Avi Bender, chief technology officer for the U.S. Census Bureau, agreed. It also involves a fundamental understanding of “who we’re serving in the public,” he said. Understanding your customers is crucial to driving innovation, he added.
Like a lot of things in government, that’s a bigger task than it appears. The Census Bureau not only collects the statistical pulse of the nation, it also provides data collection services behind the scenes for many other federal agencies.
“If you’re trying to find better ways of collecting, processing and disseminating information, ultimately, you’d like to have a good API to deliver that [information] to the public,” and then reverse-engineer that all the way back to the source of the data, he said.
But IT leaders also need to think about “key catalysts for change — three or four very strategic initiatives … that connect all the dots,” he said. One strategic area Bender is focusing on in particular that supports continuous delivery is segment architecture.
“Segment architecture sounds technical, but it’s not.
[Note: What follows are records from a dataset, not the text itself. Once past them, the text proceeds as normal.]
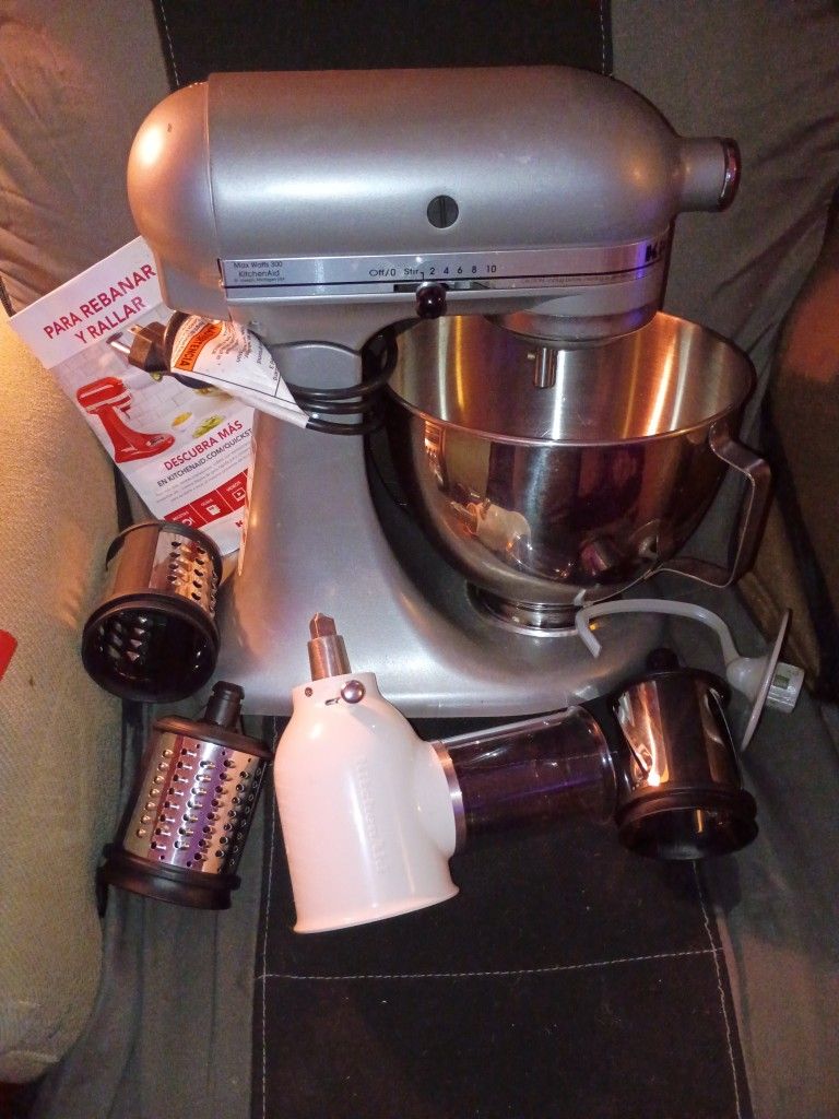 This mixer was used 3 times but I don't have the time to use it. It comes with the dough hook and prep/slicing attachment.
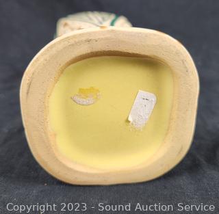 Unmarked, probably had a Roseville pottery sticker on the bottom at some point. Found the exact same online, very expensive! Don't see any issues. 8.5" H x 2.75" Dia.
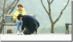 Sambil menangis,Dong Joo menemui Soo Wan. Dong Joo melihat tali sepatu Soo Wan yang terlepas.
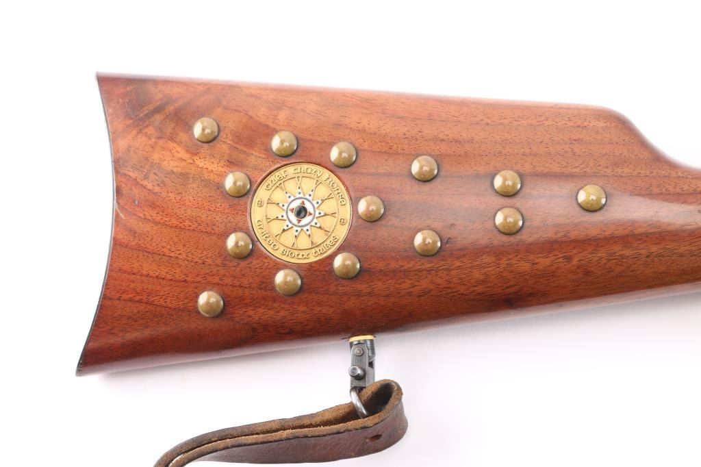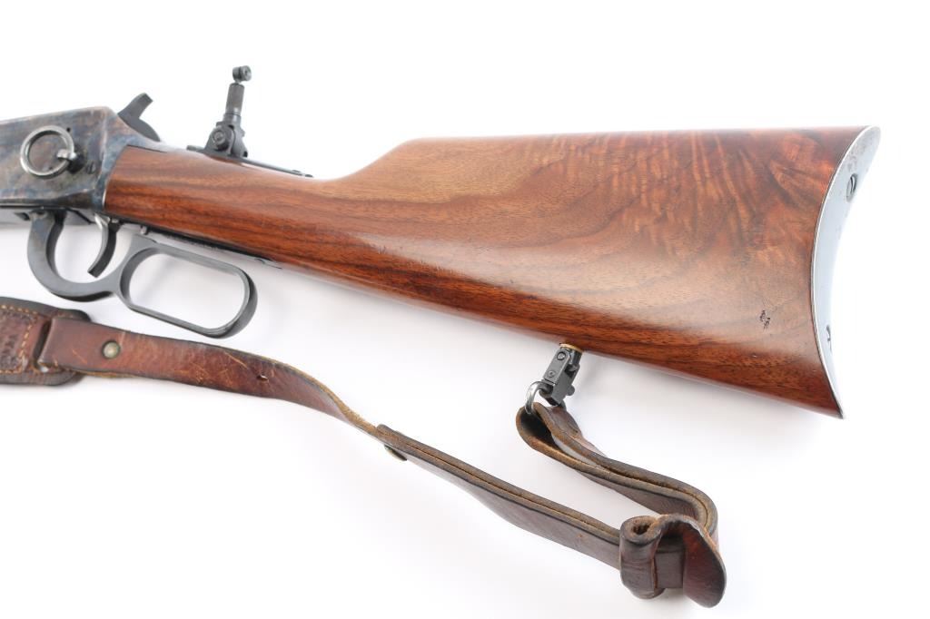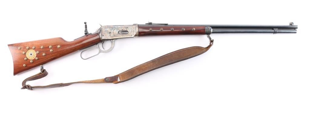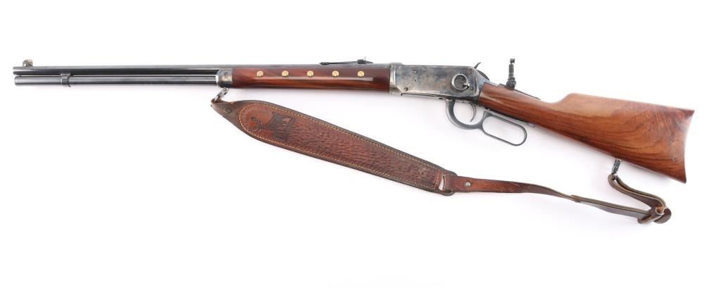 SN: CCH18638. Limited edition commemorative lever action repeating rifle celebrating Lakota warrior Chief Crazy Horse. Chambered in .38-55 Winchester and manufactured circa 1983 with only 19,999 reported to have been produced. Chief Crazy Horse is one of the most notable Native American warriors, he fought in several important battles of the Black Hills War including the Battle of the Little Bighorn where he led his party to victory. Configuration: blued 24" round barrel, full-length magazine tube, dovetailed blade front sight with bead top, elevation adjustable rear sporting sight and adjustable peep sight installed on tang. Saddle ring, smooth trigger with beveled edges, serrated hammer spur, saddle ring, gold filled roll stamp engraved "Chief Crazy Horse" on right barrel, images of Crazy horse. Buffalo hunt, battle names, etc. on the case hardened receiver, brass tacked smooth deluxe walnut semi-beavertail forend with satin finish, metal forend cap with integral sling lug, and straight grip shoulder stock with brass tack decor, curved metal buttplate & inlayed commemorative medallion on the right side. Rifle exhibits approximately 99% original finish showing very little wear. Action is crisp, the bore is excellent/bright and the wood stocks are fine. very nice tooled brown leather sling with embossed image of stag attached.
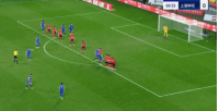 比赛第69分钟,申花前场任意球机会,路易斯与队友商量后选择直接打门打向近角,皮球击中右侧立柱后弹出。
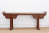 This exceptionally long antique Chinese altar console table is a masterpiece of fine carving and monumental design, a testament to a time when furniture was built to inspire reverence. Measuring a commanding 96 inches long, this table likely dates to the early 20th century, and its style and craftsmanship are hallmarks of the Late Qing Dynasty. Its powerful form, with a rich, reddish-brown patina, features a finely carved apron and legs adorned with mythical creatures and elaborate foliage, a narrative in wood that has endured for over a century.
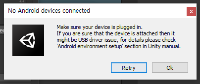 No Android devices connected Make sure your device is plugged in, If you are sure that the device is attached then it might be USB driver issue, for details please check 'Android environment setup' section in Unity manual.
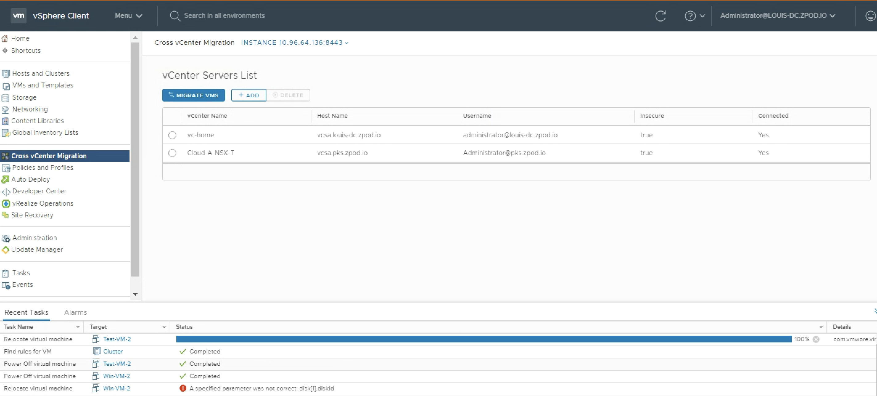 首先將其它你要遷移到的目標環境的vCenter Server註冊進來,底下加進來的是配置有NSX-T Opaque Network為Port Group的vCenter Server:
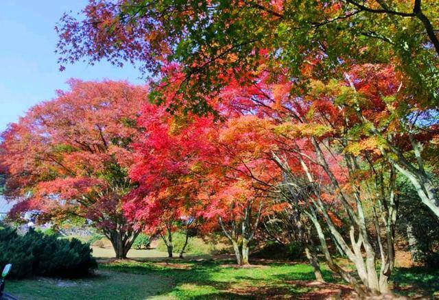 庐山植物园是由老一辈的植物学家们创建的,植物园里有很多都是珍稀物种。比如被称为“活化石”水杉,日本特有的罗汉柏,北美特色的大叶香柏等比较有观赏价值的植物。庐山植物园秋天最美的还是红枫,这里的红枫大多不高,枝叶呈伞形向四周展开,这与中国特有的枫香品种截然不同。这儿的红枫叶子色彩斑斓,颜色艳丽,拍起照来很唯美。
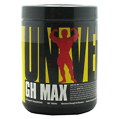 Universal GH Max. GH Support Supplement. Maximum Strength GH Boosters. Anabolic Enhancing Formula. Arginine AKG. Ornitine HCI. Maximum Results. What It Is. Universal Nutritions GH Max is the ultimate GH-Support formula for the serious bodybuilder or powerlifter who is interested in extreme gains in size and strength. Growth Hormone (GH) has the ability to increase lean mass by stimulating protein synthesis and increasing nitrogen retention in muscles. Designed with powerful GH support nutrients including arginine and ornithine plus extra anabolic nutrients , maximum strength GH Max helps in your quest for size. Target your bodys peak periods of GH release with GH Max. How We Back It Up. What is on the label is in the box and what is in the box will help you reach your goals. We guarantee it. Backed by our 100% ironclad money back guarantee, we proudly stand behind every item we produce. If for whatever reason you are not satisfied with any product bearing our name, simply return it to your place of purchase with a receipt for a full refund. Our word is our bond. (These statements have not been evaluated by the FDA. This product is not intended to diagnose, treat, cure or prevent any disease.)

It actually looks at security and data and cultural issues; it requires subject matter experts … and engaging internal and external customers,” and ultimately “how we integrate systems in a much more agile approach.”
Johnson told FedScoop during a break in the discussion that moving to agile development in biweekly sprints has actually helped the FBI as a whole as its post-9/11 mission shifted, and the need for case management tools gave way to a greater need for intelligence operations.
The FBI can now process and analyze eight times the volume of intelligence documents the agency was able to handle just last fall, he said.
At the same, the automated processes now in place to handle that volume also bring greater transparency in how FBI data is used, he said, insisting that privacy and data analysis aren’t a zero-sum balance. It’s possible to improve both, he said.
“If there is magic in [agile and continuous delivery]” Johnson said, returning to the stage, “it’s because we’ve enabled the entire workforce to bring their talents to the table … and collaborate in a meaningful timeframe,” Johnson said.
“We don’t think well about delivering something six years into the future. I haven’t been in a job for six years! Six years is a long time. Six months can be a long time. When the cycle times get that long, we fall into old, bad habits of spending our time writing documents in a silo,” he said.
Johnson doesn’t diminish the importance of planning, recalling former President Dwight Eisenhower’s famous line: “In preparing for battle I have always found that plans are useless, but planning is indispensable. ”
But continuous feedback and responsiveness ultimately changes the way organizations, not just IT departments, need to operate — by forcing “you to make a better decision today,” he said.